My current sense of what I want out of the system is for the "Rationality" core tag to be mostly epistemic rationality flavored, but to also include a bunch of stuff about motivation and kind of being an embedded human that is kind of a messy cludge of stuff where you just don't have a really nice map-and-territory divide. And for most instrumental rationality content to go into the more specific categories that they belong to, like "Practical" for stuff that is immediately practically useful, "World Optimization" for stuff that is at a higher level about optimizing the world, and "World Modeling" for object-level insights that are important for acting in the world. My sense is that those other categories cover most of what I consider "instrumental rationality" and that on average those categories should take precedence over the rationality category, which should be more narrowly about cognitive algorithms.

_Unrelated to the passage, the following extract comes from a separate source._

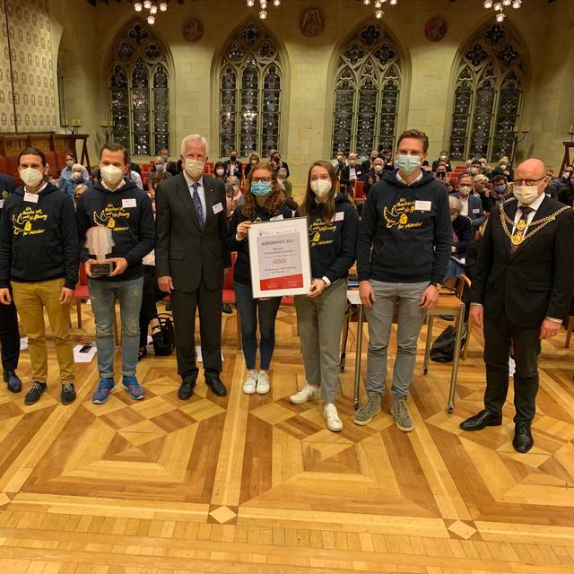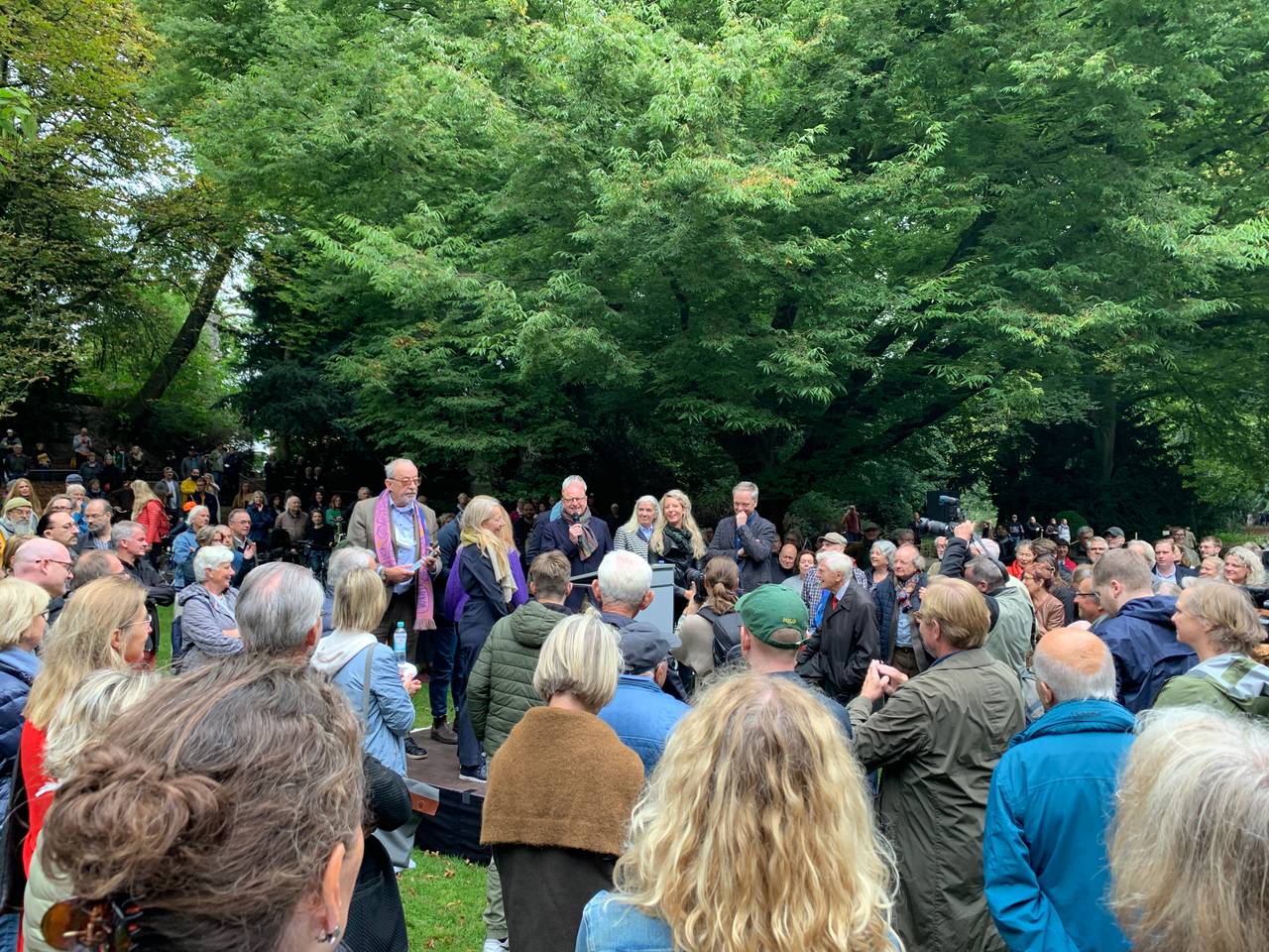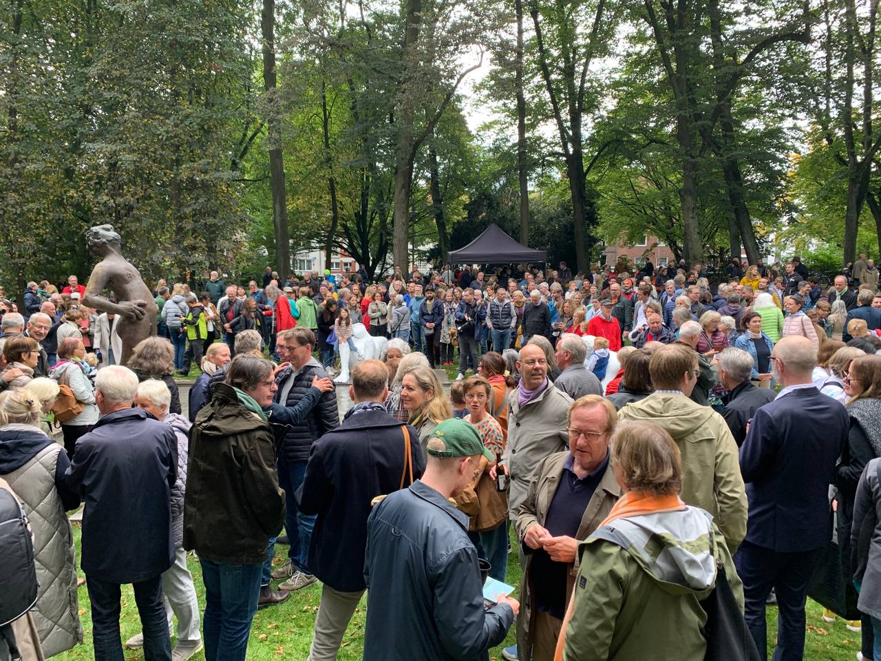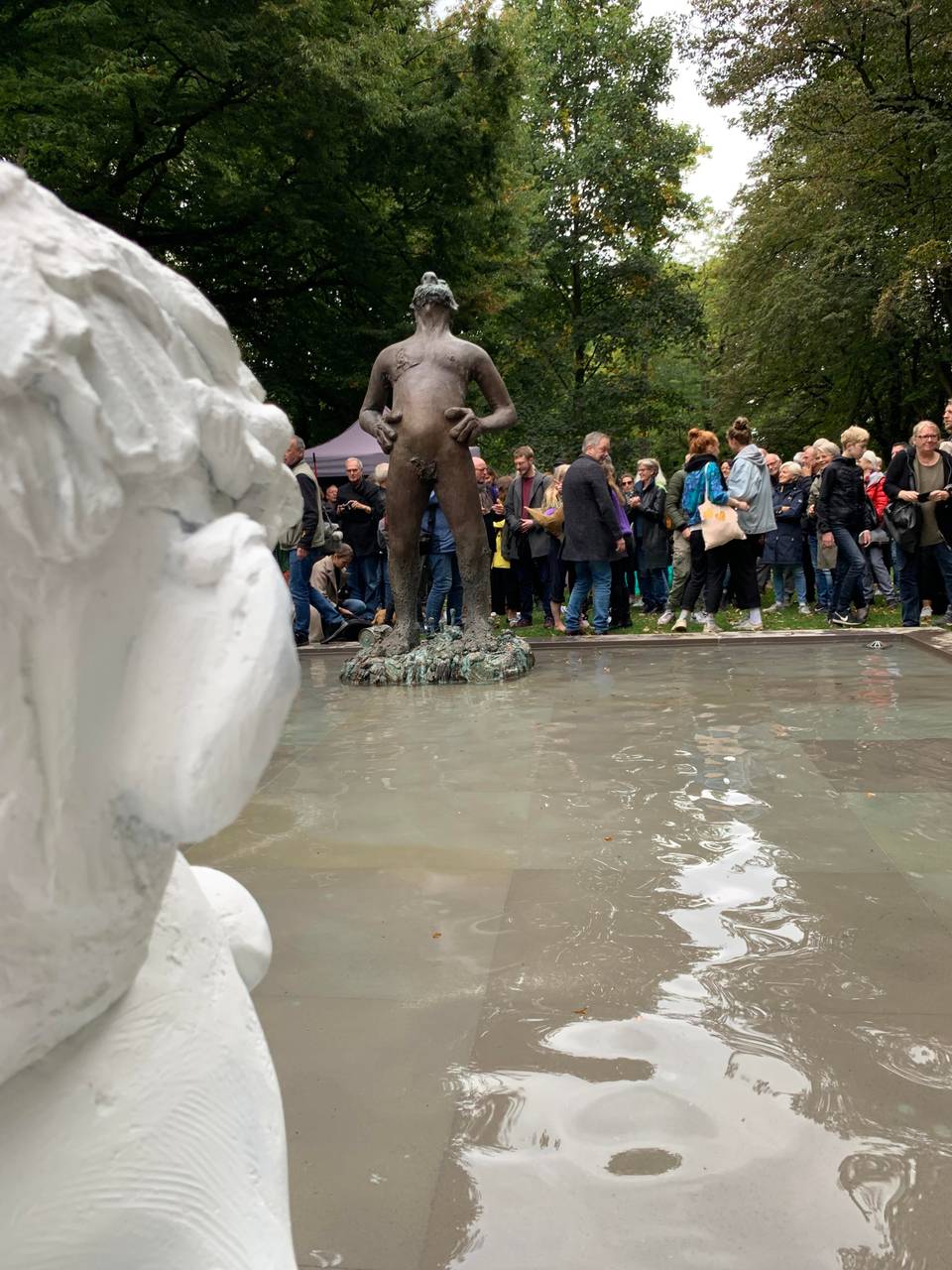 Vier Jahre nach den Skulptur-Projekten 2017 kehrte damit eines der beliebtesten Kunstwerke nach Münster zurück. Das Werk der amerikanischen Künstlerin Nicole Eisenman war Teil der jüngsten Skulptur-Projekte. Vielbesucht, aber auch heftig umstritten. Mehrere Male wurden damals Teile der Skulptur zerstört. An der Feier nahmen die nordrhein-westfälische Ministerin für Kultur und Wissenschaft, Isabel Pfeiffer-Poensgen, sowie Münsters Oberbürgermeister Markus Lewe teil. Lewe sagte in seiner Ansprache: "Lasst uns Münsteraner diesen Brunnen schützen! Wir sind eine offene Gesellschaft und wir sind stolz darauf."

That said, having a non-core tag that tries to be something more pure and is about really just the slice of rationality that has nothing to do with motivations and goals and is more about abstract truth-seeking algorithms, could be a valuable addition. The main hesitation I have about that is that I am generally hesitant to create tags that will have many hundreds of posts in them, since it's hard to actually make sure that that tag gets updated whenever new posts come out, which makes it harder to use it for the purpose of frontpage filtering (i.e. imagine the world where we have 50 tags that all apply to a substantial fraction of posts, in that case I have to check for every new post whether it belongs to any of those 50 tags, which is a really expensive operation. Right now we only make sure that we make sure the core tags have full coverage of new posts, to make sure that you can reliably use those to filter your experience)

Looking at things a bit more, maybe practical vs rationality is supposed to cover what I want instrumental rationality vs epistemic rationality to cover? But if so I don't find those descriptions very intuitive and don't expect people to apply them correctly.

I think the combination of the Rationality and Practical tags gets pretty close to what you want, but to get all the way there you also would add the Motivations tag. Ie

Epistemic Rationality = Rationality & !Practical & !Motivations
Instrumental Rationality = Practical | Motivations

I think the real reason we didn't make Epistemic & Instrumental core tags was because when we tried tagging sample posts, too large a fraction of posts hit corner cases and failed to be well classified by the distinction.

What's the idea behind "motivations"? I don't understand what your proposal is.